_Exercise directions_
Each line in the material below, starting at the one with "Este año se" and ending at the one with "Na poniższym zdjęciu", is to be reproduced exactly; no picture is to be copied.

_Source material_
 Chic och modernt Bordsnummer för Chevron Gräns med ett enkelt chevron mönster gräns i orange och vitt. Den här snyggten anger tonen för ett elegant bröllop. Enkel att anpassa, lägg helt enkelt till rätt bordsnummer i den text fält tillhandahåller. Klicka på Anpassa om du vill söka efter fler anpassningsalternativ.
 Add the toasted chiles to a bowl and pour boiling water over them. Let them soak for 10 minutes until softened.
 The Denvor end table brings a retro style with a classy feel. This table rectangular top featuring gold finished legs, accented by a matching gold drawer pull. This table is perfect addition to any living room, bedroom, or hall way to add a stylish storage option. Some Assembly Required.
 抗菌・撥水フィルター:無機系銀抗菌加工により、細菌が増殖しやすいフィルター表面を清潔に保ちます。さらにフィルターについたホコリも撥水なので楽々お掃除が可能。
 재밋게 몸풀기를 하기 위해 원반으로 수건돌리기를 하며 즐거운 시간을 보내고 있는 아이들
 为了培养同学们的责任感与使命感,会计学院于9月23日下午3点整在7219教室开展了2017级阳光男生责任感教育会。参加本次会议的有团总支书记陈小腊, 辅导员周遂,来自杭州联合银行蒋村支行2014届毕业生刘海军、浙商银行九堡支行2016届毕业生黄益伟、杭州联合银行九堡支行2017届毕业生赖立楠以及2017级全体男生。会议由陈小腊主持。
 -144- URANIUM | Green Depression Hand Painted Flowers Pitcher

--

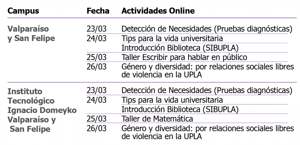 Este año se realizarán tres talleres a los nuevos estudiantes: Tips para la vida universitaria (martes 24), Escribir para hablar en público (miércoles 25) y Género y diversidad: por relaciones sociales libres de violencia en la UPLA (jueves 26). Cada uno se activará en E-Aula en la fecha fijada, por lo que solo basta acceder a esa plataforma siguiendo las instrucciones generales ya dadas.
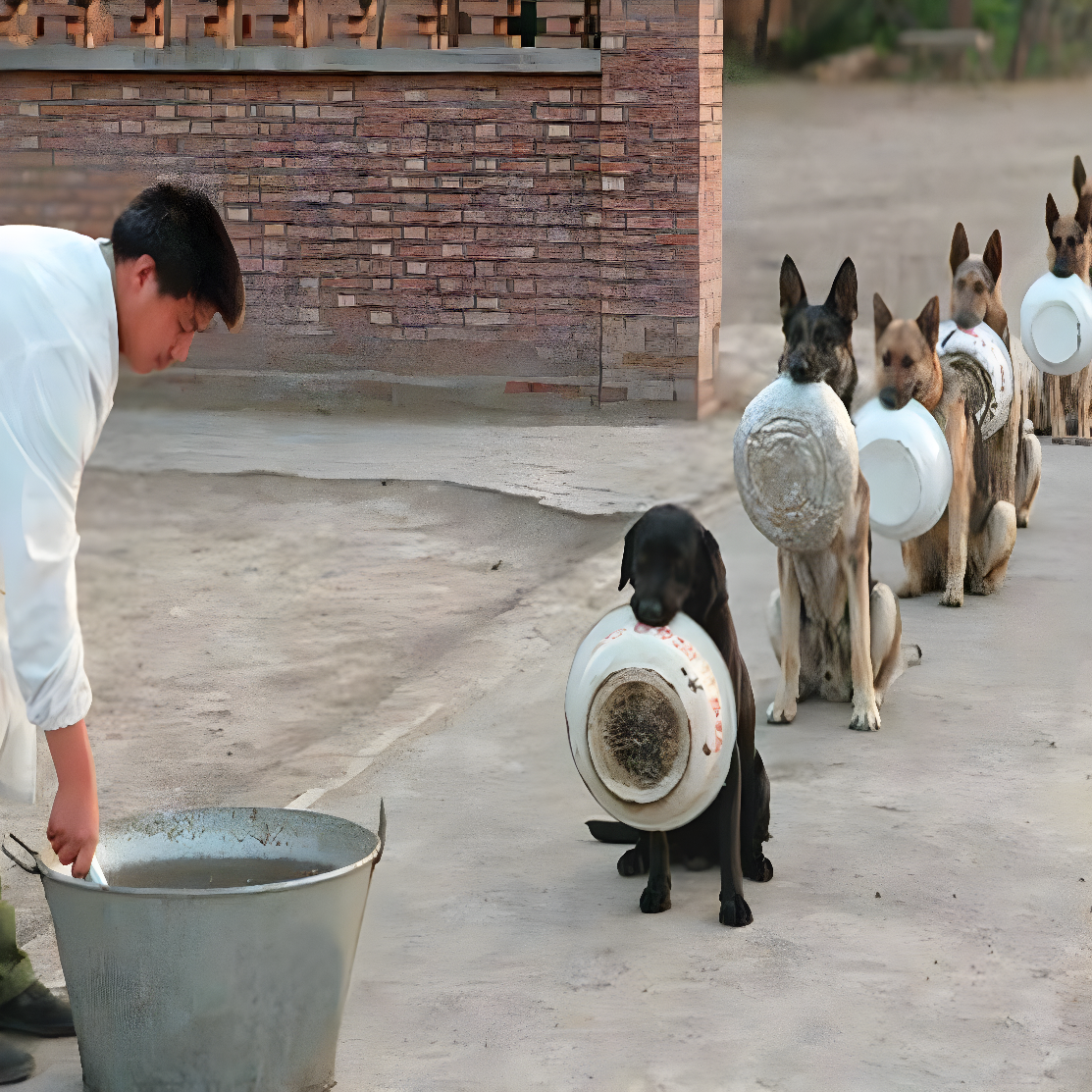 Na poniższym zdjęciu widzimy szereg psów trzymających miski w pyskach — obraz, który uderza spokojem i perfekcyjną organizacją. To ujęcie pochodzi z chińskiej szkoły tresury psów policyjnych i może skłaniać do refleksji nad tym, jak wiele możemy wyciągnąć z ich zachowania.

_Written response_
 Este año se realizarán tres talleres a los nuevos estudiantes: Tips para la vida universitaria (martes 24), Escribir para hablar en público (miércoles 25) y Género y diversidad: por relaciones sociales libres de violencia en la UPLA (jueves 26). Cada uno se activará en E-Aula en la fecha fijada, por lo que solo basta acceder a esa plataforma siguiendo las instrucciones generales ya dadas.
 Na poniższym zdjęciu widzimy szereg psów trzymających miski w pyskach — obraz, który uderza spokojem i perfekcyjną organizacją. To ujęcie pochodzi z chińskiej szkoły tresury psów policyjnych i może skłaniać do refleksji nad tym, jak wiele możemy wyciągnąć z ich zachowania.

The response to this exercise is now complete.